E isso é interessante,
porque, se voltarmos aos animais, a situação é oposta. Apesar de nossa simetria
externa, internamente as coisas são muito menos simétricas.
• Aqui e ali
"Existem muitas
assimetrias fascinantes no corpo humano", observa o professor Mike Levin,
da Universidade Tufts, em Massachusetts, nos EUA.
"Algumas são
anatômicas, como órgãos como o coração, o estômago e o fígado, que em
indivíduos normais estão localizados apenas de um lado do corpo. Outras
assimetrias, menos óbvias, ocorrem no cérebro, que é ligeiramente diferente de
um lado para o outro. Também há assimetrias funcionais ou fisiológicas
interessantes; por exemplo, certas doenças ocorrem com mais frequência de um
lado do corpo, como o câncer de mama, que tende a ser mais comum em um
lado."
"Essas
assimetrias ocultas revelam que as células realmente sabem que não são
iguais."
A razão para essa
assimetria em nossos órgãos internos, com o fígado ou o baço de um lado e
nossos intestinos enroscados para trás, pode ser simplesmente a forma mais
eficiente de organizar tudo.
"Mas a maneira
como os embriões determinam de forma confiável qual lado do corpo deve conter o
coração, o intestino, etc., é uma questão fascinante", comenta Levin.

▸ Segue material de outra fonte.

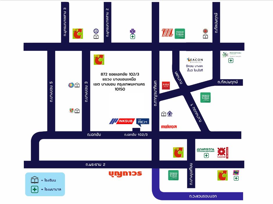 ที่อยู่ ซอยเอกชัย 102/3 เอกชัย 872/2 ถนนบางบอน 3 แขวงบางบอนเหนือ เขตบางบอน กรุงเทพมหานคร 10150

• A assimetria como quebra-cabeça
A assimetria é um
enigma, pois é algo difícil de alcançar para sistemas biológicos. Você pode
usar a gravidade para determinar sua posição vertical, mas calcular esquerda e
direita é muito mais complexo. Como as células fazem isso? Realmente não
sabemos.
"Em que momento
do desenvolvimento embrionário as células descobrem em que lado do corpo estão?
Se você é uma bola de células, como sabe onde está sua linha média e quais
mecanismos permitem distinguir a esquerda da direita?"
Essas são muitas
perguntas. Uma resposta pode estar relacionada ao modo como as moléculas das
células se auto-organizam em espirais, criando uma assimetria que depois é
amplificada durante o desenvolvimento. Mas, independentemente de como ocorre,
segundo Levin, a assimetria pode ser fundamental para a vida.
"A assimetria
permeia toda a biologia, desde eventos quânticos que quebram a simetria até o
desenvolvimento, comportamento e até nossas obras de arte. É surpreendente como
se conecta desde as sutis propriedades moleculares do mundo quântico até o impacto
cultural e social."
Embora a assimetria
continue sendo um mistério, as razões para a simetria, pelo menos em humanos e
em outros animais bilaterais, são claras.
É um design muito
vantajoso, como ressalta Frankie Dunn: "Os bilaterais estavam destinados a
triunfar porque seu plano corporal é muito adequado para muitas atividades,
como voar, nadar e caminhar, além de ser altamente suscetível à inovação."